WORK REQUIRED:
A picture should never appear in your copy. Transcribe the listing exactly from its first line through the line with "The suit is", both ends included.
┌─ DATASET EXCERPT
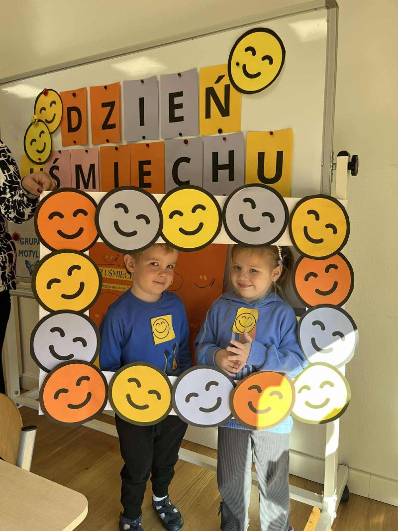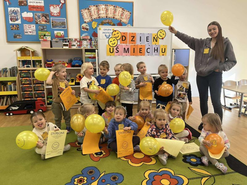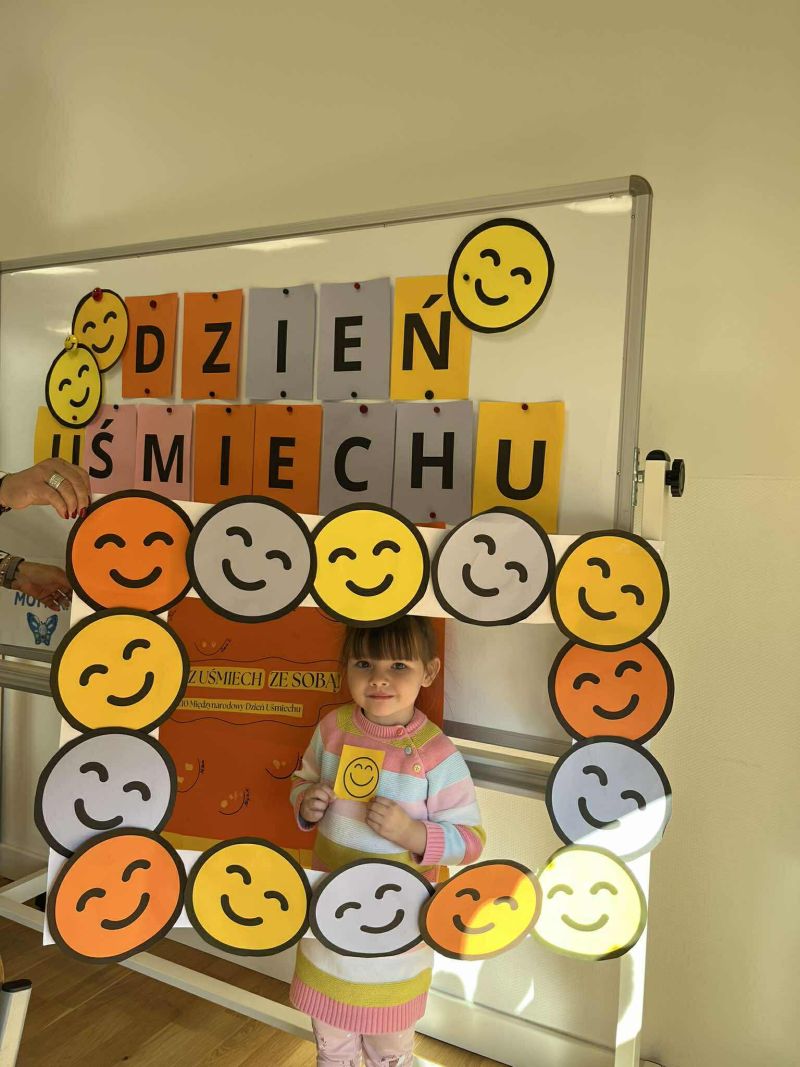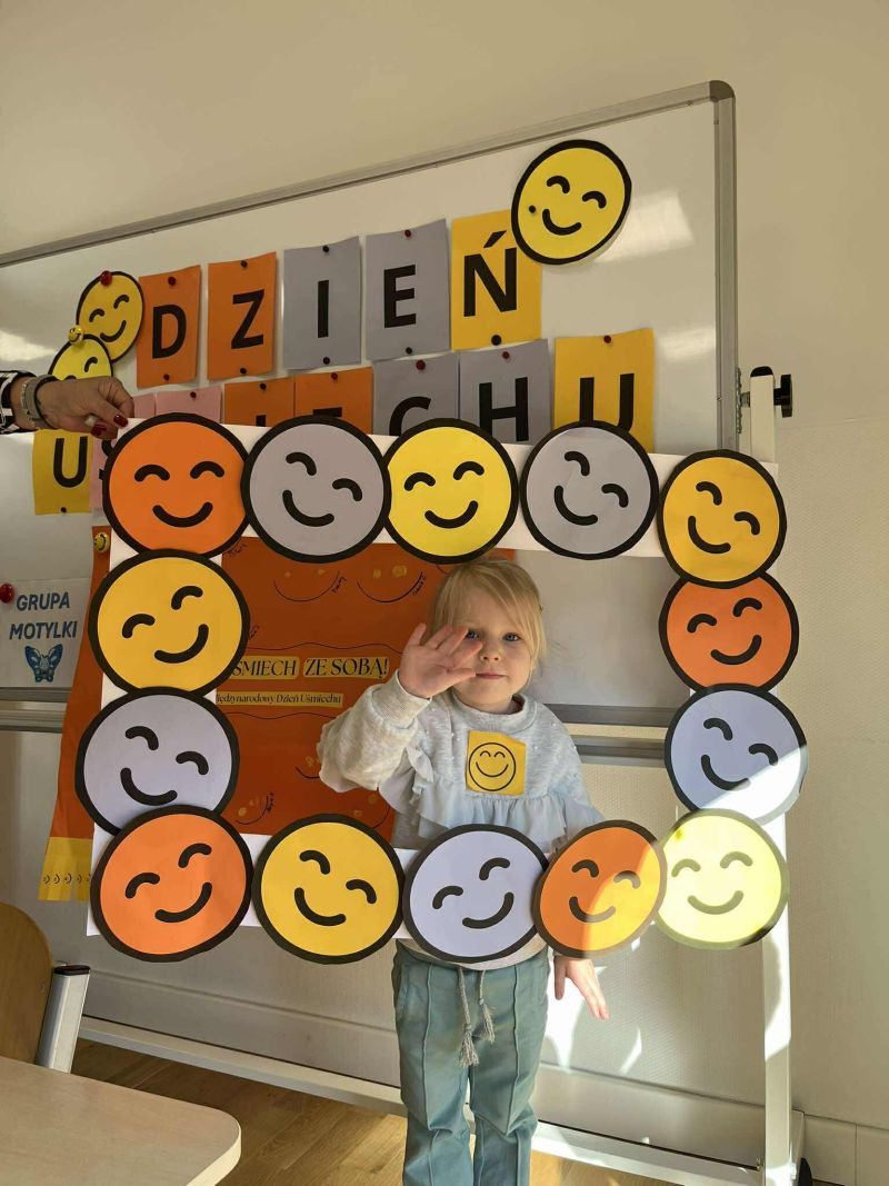 Obchodziliśmy w grupie Dzień Uśmiechu :) Dzieci uczestniczyły w zabawach, tańcach oraz konkurencjach, które wywowływały mnóstwo śmiechu i dobrej energii. Były również zabawy integracyjne, a także rozmowy o naszych emocjach i o tym, jak ważny jest uśmiech. To właśnie on potrafi rozświetlić nawet najbardziej pochmurny dzień. Uśmiech nic nie kosztuje, a daje tak wiele! :)
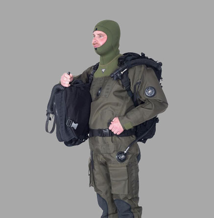 The suit is made from trilaminate material as face nylon „rip-stop” in olive color or black color / butyl rubber in the mid / polyester as bottom layer which is flexible and provides good maneuverability.
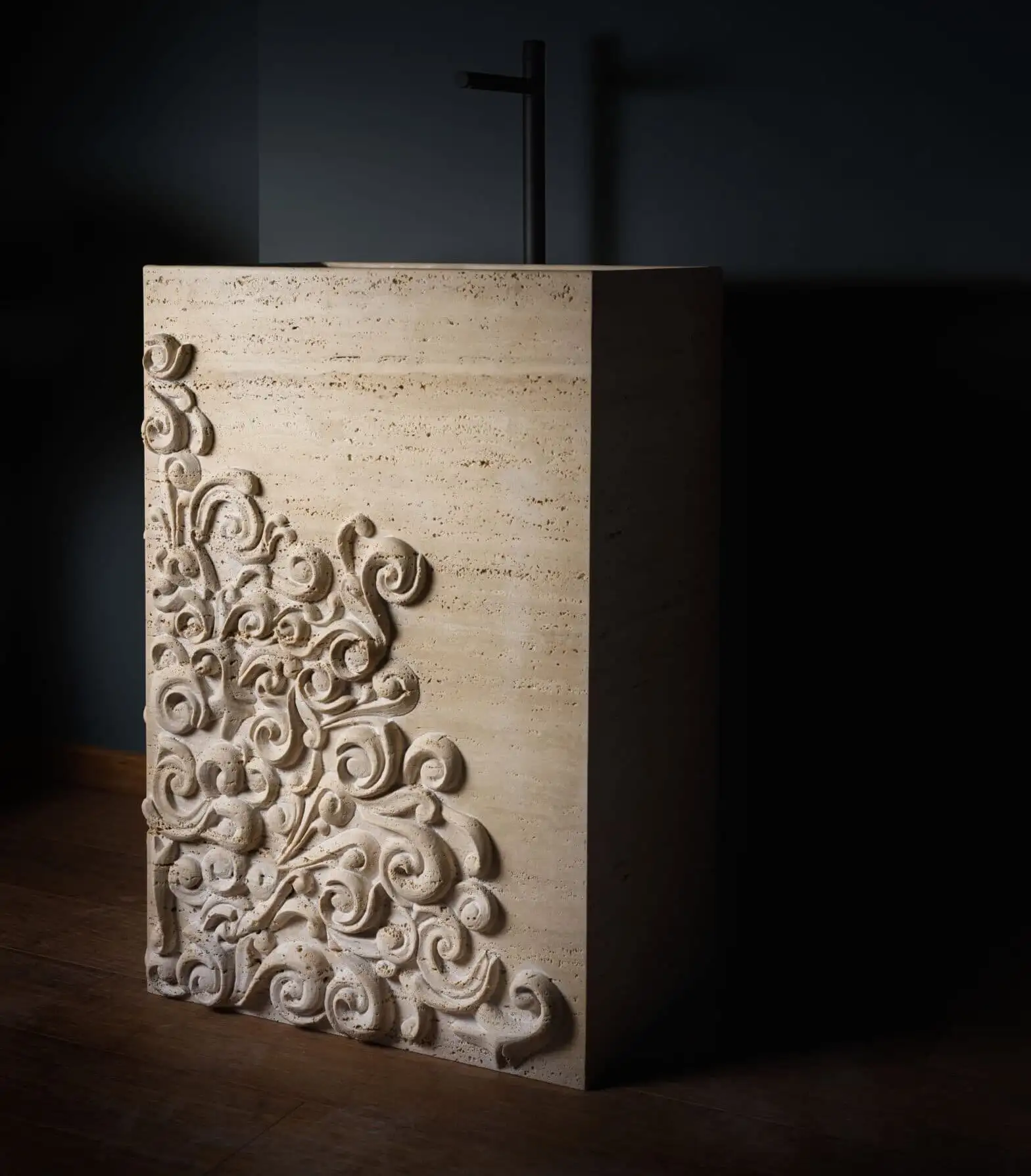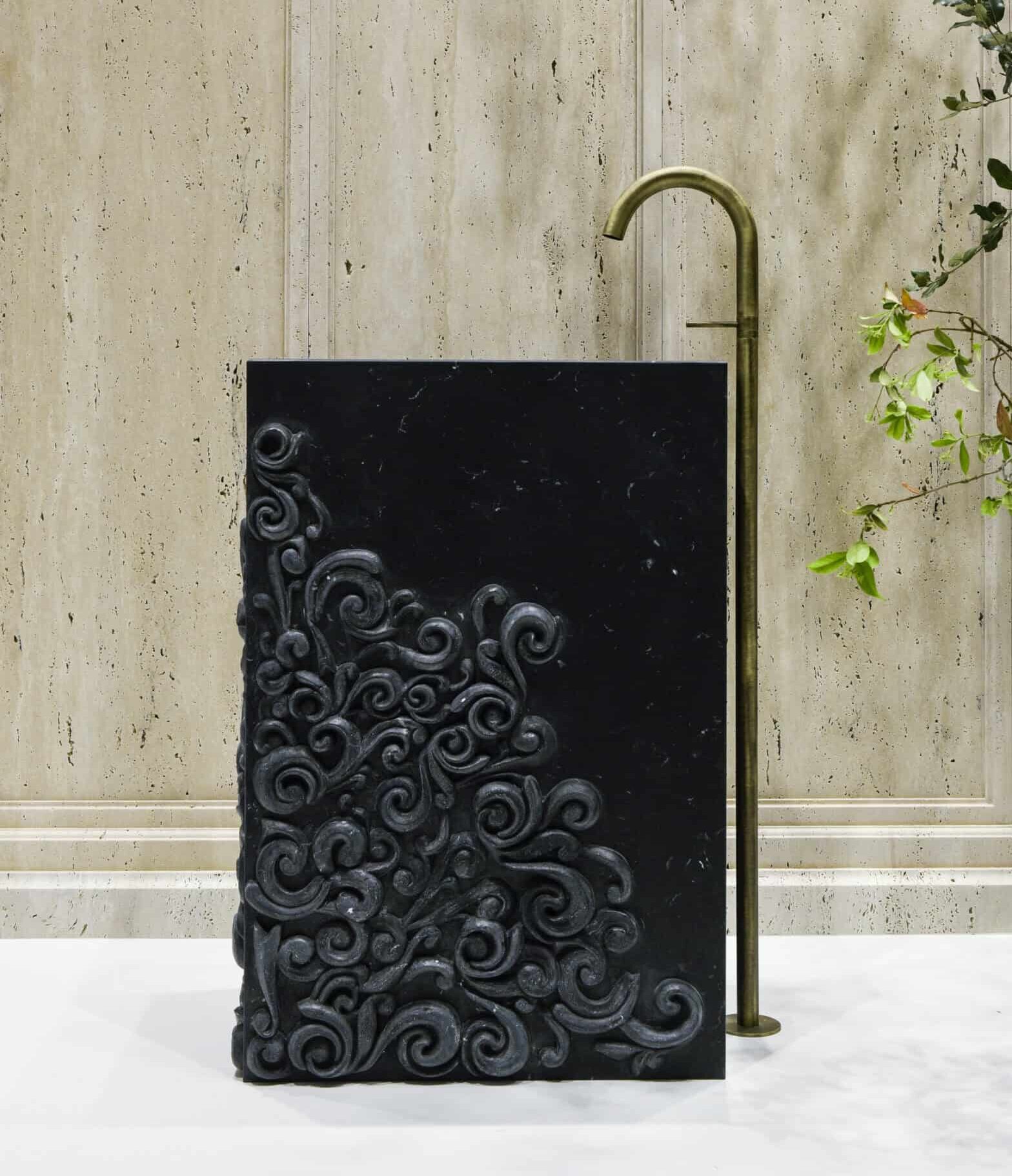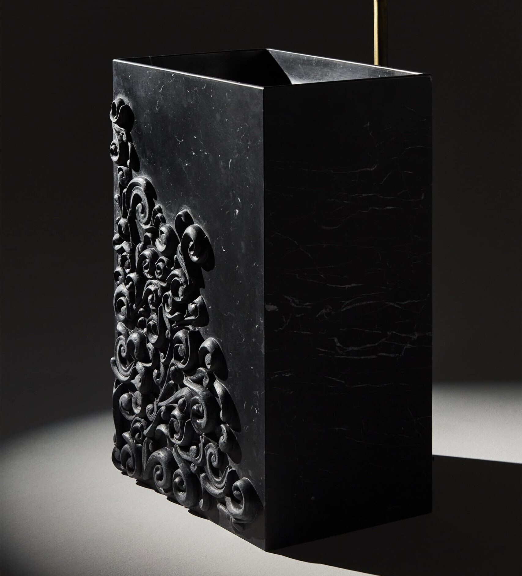 Dame is the celebration of different aesthetics coming to life as works of art for the bathroom. A design that is born from the dichotomy between classic and contemporary, minimal and decorative. With this collection, the French designer Christophe Pillet solves the relationship between “old” and “new” and creates a collection of marble sinks and free-standings that are partially smooth and honed, and partially hand sculpted. The exterior has been treated like a precious sculpture, with circular counter sinks and geometric free-standings. The interior of the product can be in contrast and customized with a choice of 5 different types of marble, in order to achieve the elegance of twotoned natural materials. The sets of stone meet around the border that have been skillfully cut to an extremely thin thickness. The Dame family is ideal for residential and high end hospitality projects.
└─
WRITTEN SOLUTION:
 Obchodziliśmy w grupie Dzień Uśmiechu :) Dzieci uczestniczyły w zabawach, tańcach oraz konkurencjach, które wywowływały mnóstwo śmiechu i dobrej energii. Były również zabawy integracyjne, a także rozmowy o naszych emocjach i o tym, jak ważny jest uśmiech. To właśnie on potrafi rozświetlić nawet najbardziej pochmurny dzień. Uśmiech nic nie kosztuje, a daje tak wiele! :)
 The suit is made from trilaminate material as face nylon „rip-stop” in olive color or black color / butyl rubber in the mid / polyester as bottom layer which is flexible and provides good maneuverability.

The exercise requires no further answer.